General characteristics
- Class & type: Type XXI submarine
- Displacement: 1,621 t (1,595 long tons) surfaced; 2,100 t (2,067 long tons) submerged;
- Length: 76.70 m (251 ft 8 in) (o/a)
- Beam: 8 m (26 ft 3 in)
- Height: 11.30 m (37 ft 1 in)
- Draught: 6.32 m (20 ft 9 in)
- Propulsion: Diesel/Electric; 2 × MAN M6V40/46KBB supercharged 6-cylinder diesel engines, 4,000 PS (2,900 kW; 3,900 shp); 2 × SSW GU365/30 double-acting electric motors, 5,000 PS (3,700 kW; 4,900 shp); 2 × SSW GV232/28 silent running electric motors, 226 PS (166 kW; 223 shp);
- Speed: Surfaced:; 15.6 knots (28.9 km/h; 18.0 mph) (diesel); 17.9 knots (33.2 km/h; 20.6 mph) (electric); Submerged:; 17.2 knots (31.9 km/h; 19.8 mph) (electric); 6.1 knots (11.3 km/h; 7.0 mph) (silent running motors);
- Range: 15,500 nmi (28,700 km; 17,800 mi) at 10 knots (19 km/h; 12 mph) surfaced; 340 nmi (630 km; 390 mi) at 5 knots (9.3 km/h; 5.8 mph) submerged;
- Test depth: 240 m (790 ft)
- Complement: 5 officers, 52 enlisted
- Sensors & processing systems: Type F432 D2 Radar Transmitter; FuMB Ant 3 Bali Radar Detector;
- Armament: 6 × bow torpedo tubes; 23 × 53.3 cm (21 in) torpedoes; or 17 × torpedoes and 12 × mines; 4 × 2 cm (0.79 in) C/30 AA guns;

Service record
- Part of: 31st U-boat Flotilla; 29 September 1944 – 14 March 1945; 11th U-boat Flotilla; 15 March – 8 May 1945;
- Identification codes: M 45 912
- Commanders: Kptlt. / K.Kapt. Adalbert Schnee; 29 September 1944 – 9 May 1945;
- Operations: 1 patrol:; 3 – 6 May 1945;
- Victories: None

= German submarine U-2511 =

German World War II submarine

German submarine U-2511 was a Type XXI submarine of Nazi Germany's Kriegsmarine during World War II. The Elektroboot submarine was laid down on 7 July 1944 at the Blohm & Voss yard at Hamburg, launched on 2 September 1944, and commissioned on 29 September 1944 under the command of Kapitänleutnant Adalbert Schnee.

==Design==
Like all Type XXI submarines, U-2511 had a displacement of 1621 t when at the surface and 1819 t while submerged. She had a total length of 76.70 m (o/a), a beam of 8 m, and a draught of 6.32 m. The submarine was powered by two MAN SE supercharged six-cylinder M6V40/46KBB diesel engines each providing 4000 PS, two Siemens-Schuckert GU365/30 double-acting electric motors each providing 5000 PS, and two Siemens-Schuckert silent running GV232/28 electric motors each providing 226 PS.

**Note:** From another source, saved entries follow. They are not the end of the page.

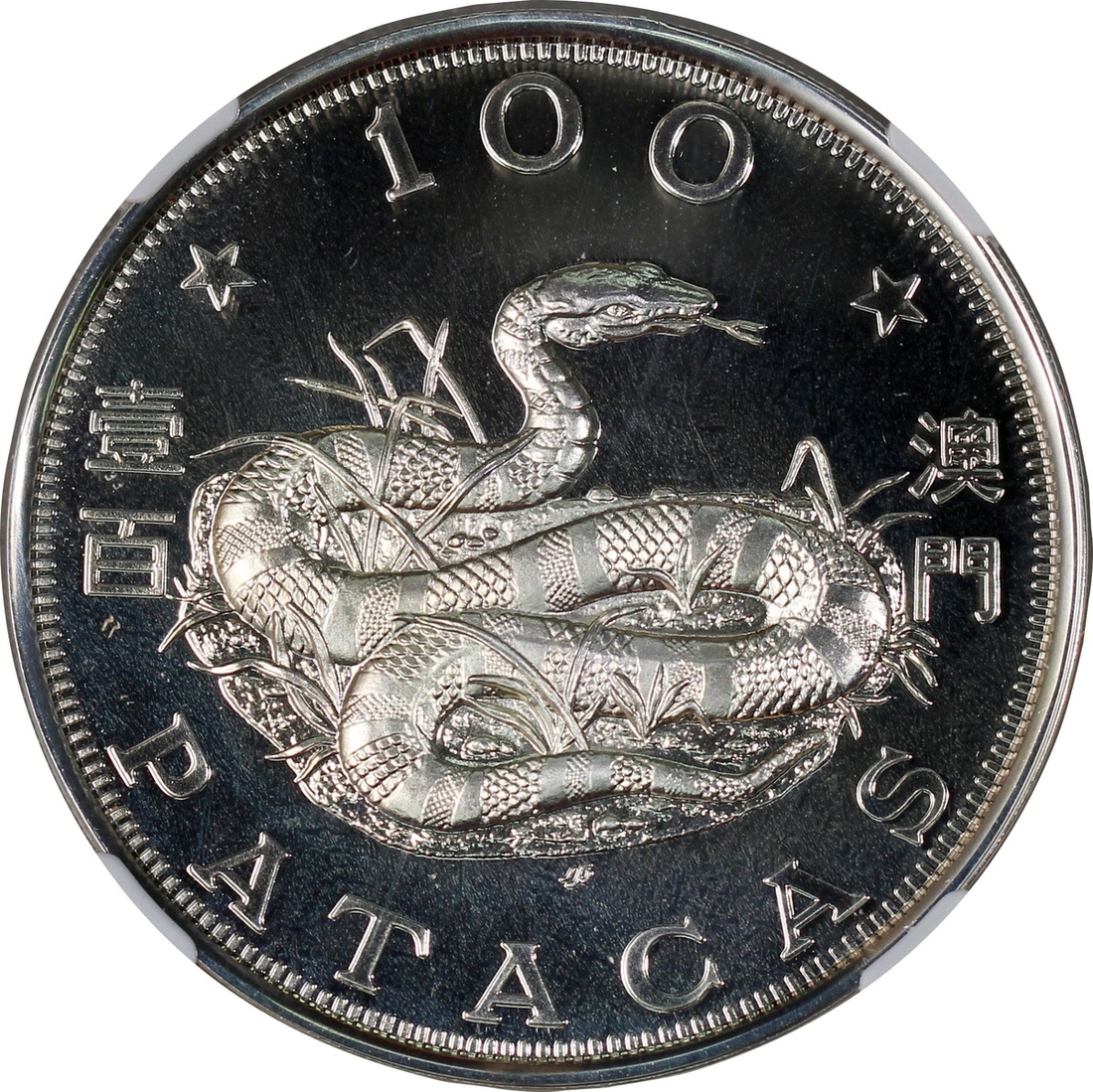 Macau, silver 100 patacas, 1989, Lunar series, Year of Snake, NGC PF 68 Ultra Cameo. Cert.#2874501-015
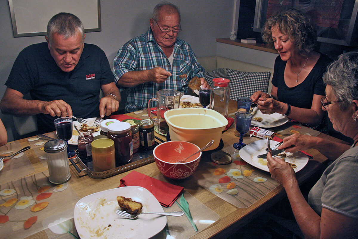 Zeit, für einen Chat mit meinen besten französischen Freunden, mit denen ich seit Studenten-Zeiten losen, aber beständigen Kontakt halte. Nicole und René Miguet sowie Carmen und Michel Develey haben mich vor rund 40 Jahren bei einer Fahrradpanne im Burgund samt Rad und Gepäck aufgesammelt, mich eine Nacht mit den deliziösesten – festen wie flüssigen – Delikatessen gemästet. Seitdem besuchen wir uns in großen Abständen gegenseitig.
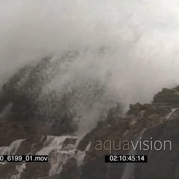 Big waves rolling in over rocks Overcast rain conditions
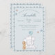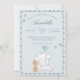 Den här inbjudan till babyduschen i anpassningsbarna innehåller en söt illustration av stil i vattenfärgen. En liten pojke-elefant bildas vid grund med en blå hjärtformade ballong. En stapel av alfabetblock placeras framför honom. Bakgrunden är ett blått färg.
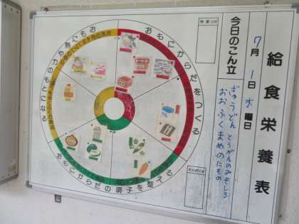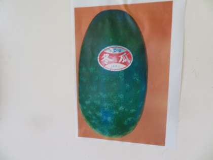 今日の献立に冬瓜のみそ汁があるので、冬瓜の写真が掲示されていました。
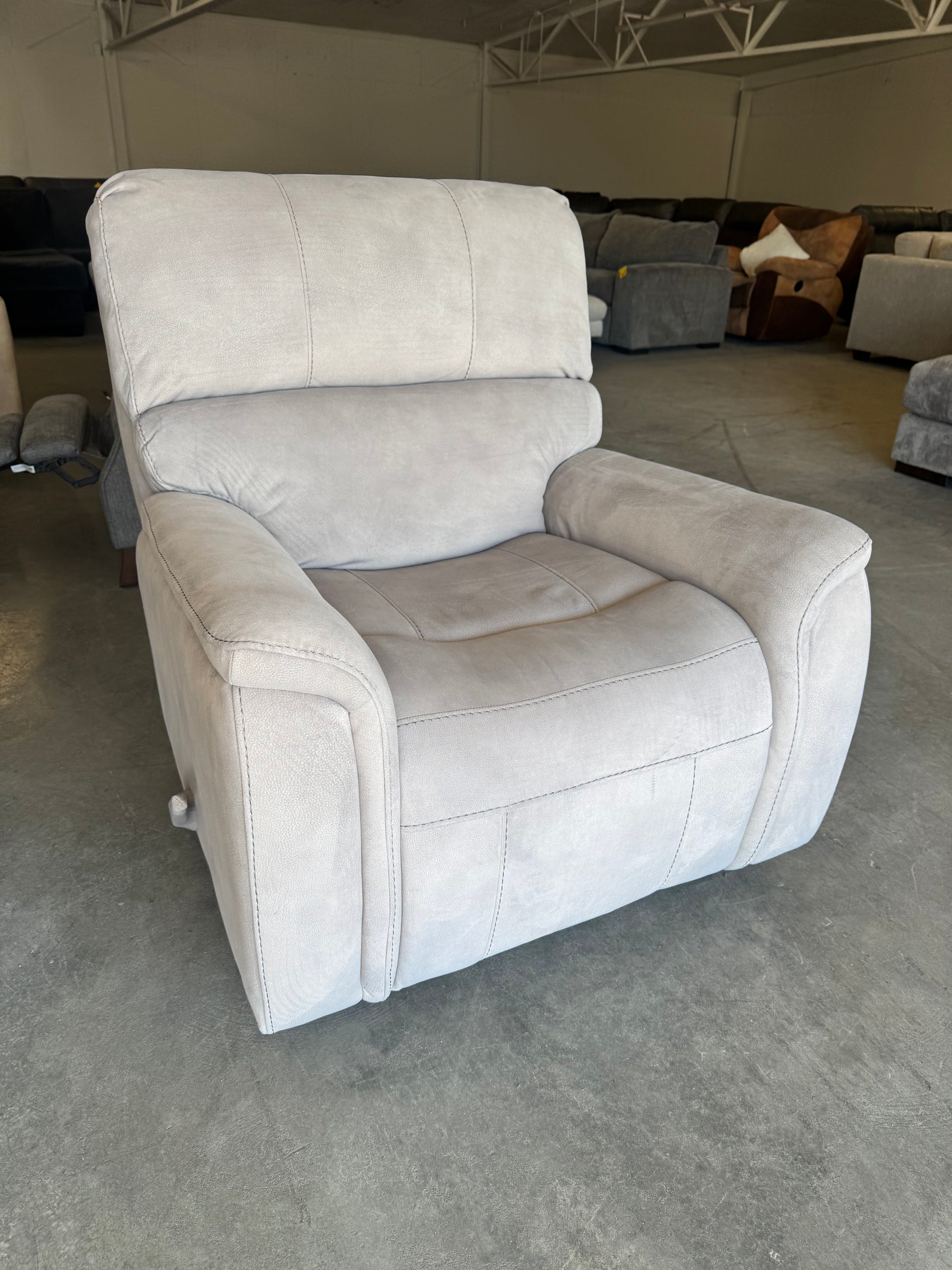 This comfortable beige microfiber rocking recliner is the perfect blend of cozy and practical. Upholstered in soft, neutral microfiber that works with almost any décor, it features smooth rocking motion and an easy manual recline—ideal for living rooms, nurseries, or a dedicated relaxation corner. A great everyday chair that’s comfortable without taking up too much space.
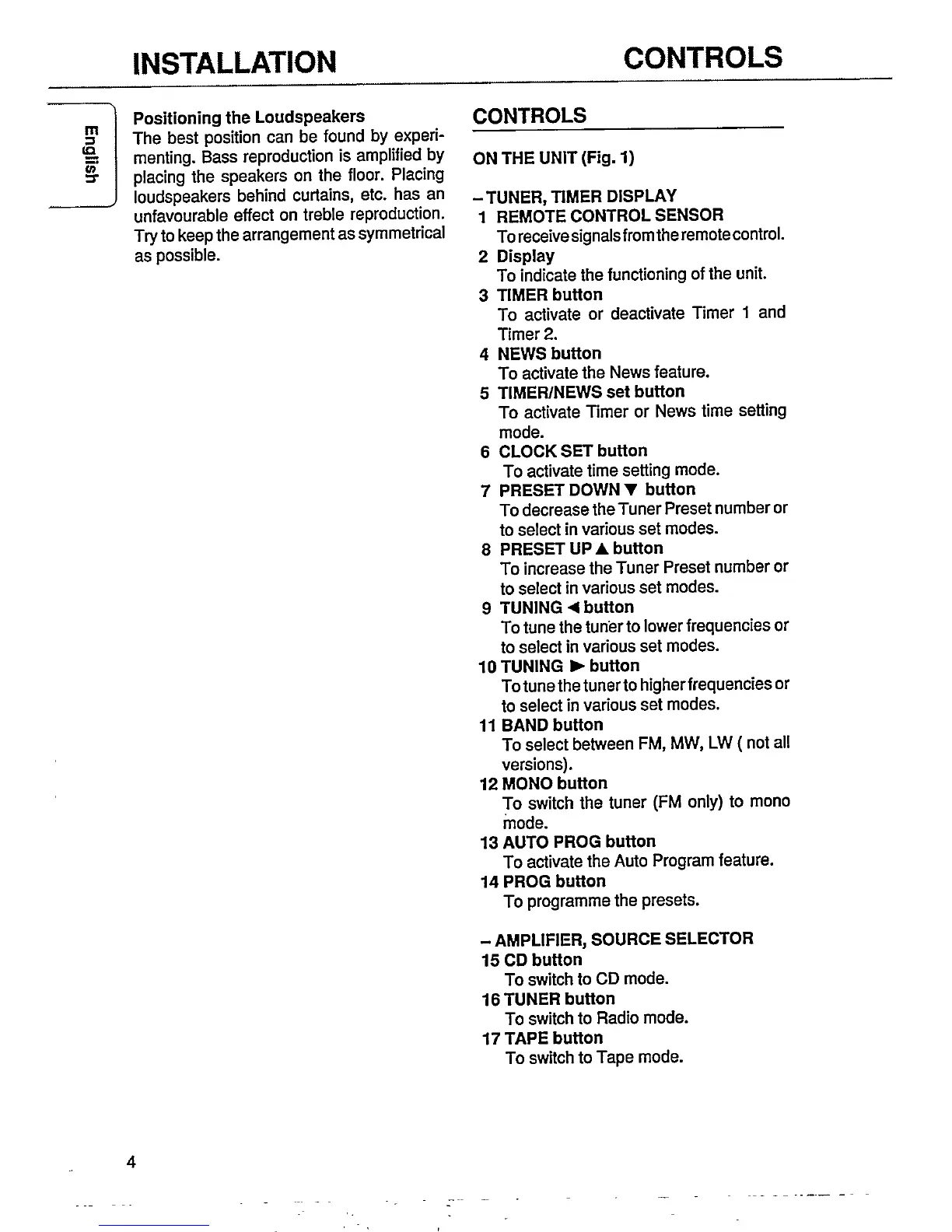 Philips FW 41 - Loudspeaker Placement Advice; Unit Controls and Features; Main Unit and Amplifier Controls
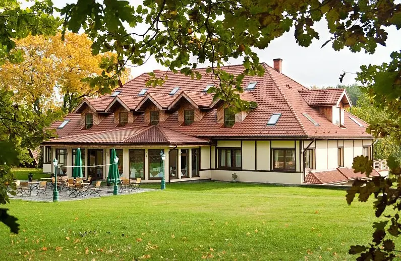 25 km od Gdańska, 4,5 ha zieleni nad Jeziorem Mezowskim w strefie Natura 2000.
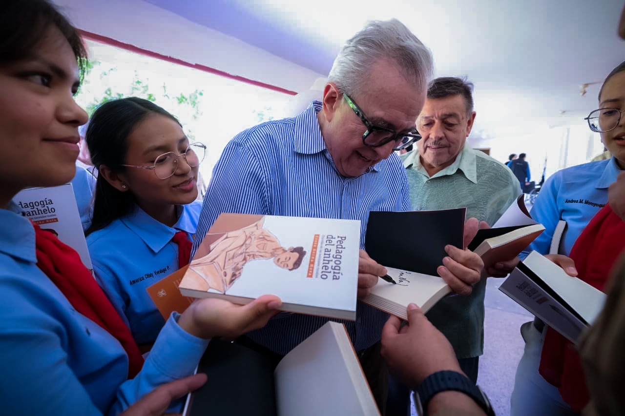 Fortaleciendo lazos y convivencia generacional con las y los maestros egresados de las escuelas normales de todo el país, para compartir aportaciones y experiencias a través del diálogo y la reflexión, como ex alumno normalista rural, el Dr. Rubén Rocha Moya, asistió como invitado de honor, al V Encuentro Nacional de Egresados y Egresadas de Escuelas Normales Rurales, realizado en su Alma Máter en El Quinto, Etchojoa, Sonora, donde presentó su libro “Pedagogía del Anhelo. Una Vida en las Normales Rurales”.
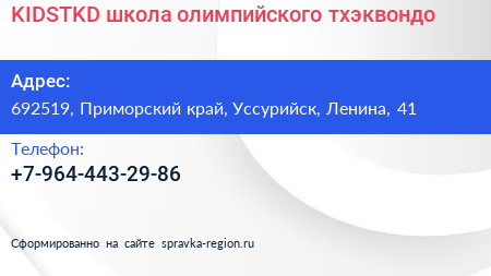 KIDSTKD, школа олимпийского тхэквондо по адресу 692519, Приморский край, Уссурийск, Ленина, 41 в дальнейшем Организация, размещена в следующих категориях:
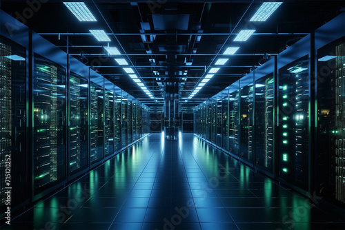 Server racks for modern data centers in a dark room with visual effects. Display of The concept of the Internet of Things, data flow, and digitalization of internet traffic. Multi-Level Electric Equip
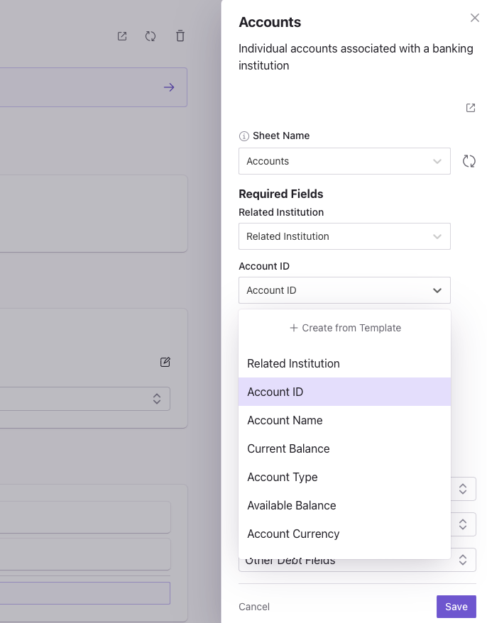 If you want to add a new field, click on Create from Template within the field’s dropdown. Finta will create that field in your destination with the appropriate type automatically
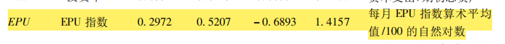 - EPU2每月经济政策不确定指数算术平均值取自然对数
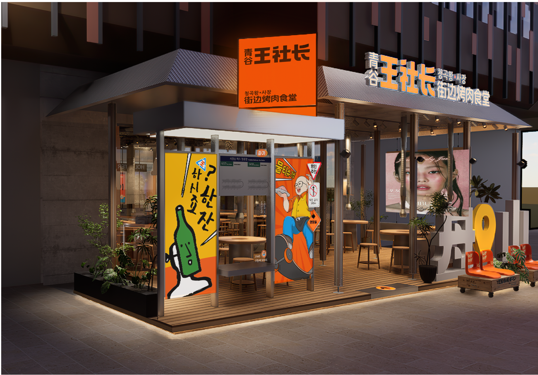 左侧的韩国公交站主题打卡区复刻首尔街景——韩文站牌、品牌插画与灯箱,构成强烈的异国街头符号;右侧摆放特色可移动户外座椅与盆栽绿植,并在其后方矗立醒目的立体“舟山”字样装置,与公交站形成虚实呼应的打卡地标,将等位区转化为可休憩拍照的社交据点。
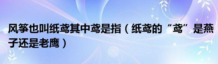 大家好,綜合小編來為大家講解下。風(fēng)箏也叫紙鳶其中鳶是指,紙鳶的“鳶”是燕子還是老鷹很多人還不知道,現(xiàn)在讓我們一起來看看吧!
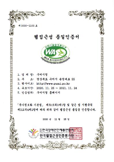 구미시는 11월 25일 과학기술정보통신부 지정 인증기관 '한국웹접근성인증평가원'으로부터 5년 연속 '웹 접근성 품질인증마크'를 획득하였다.
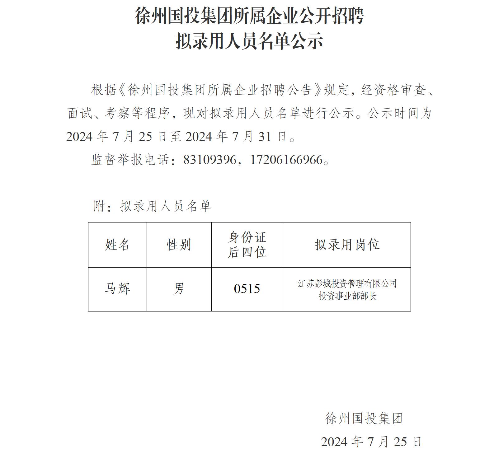 徐州國投集團所屬企業(yè)公開(kāi)招聘擬錄用人員名單公示

The submarine had a maximum surface speed of 15.6 kn and a submerged speed of 17.2 kn. When running on silent motors the boat could operate at a speed of 6.1 kn. When submerged, the boat could operate at 5 kn for 340 nmi; when surfaced, she could travel 15500 nmi at 10 kn. U-2511 was fitted with six 53.3 cm torpedo tubes in the bow and four 2 cm C/30 anti-aircraft guns. She could carry 23 torpedoes or 17 torpedoes and 12 naval mine. The complement was five officers and 52 men.

==Service history==
After training with 31st U-boat Flotilla, U-2511 was transferred to 11th U-boat Flotilla at Bergen, Norway, for front-line service on 15 March 1945.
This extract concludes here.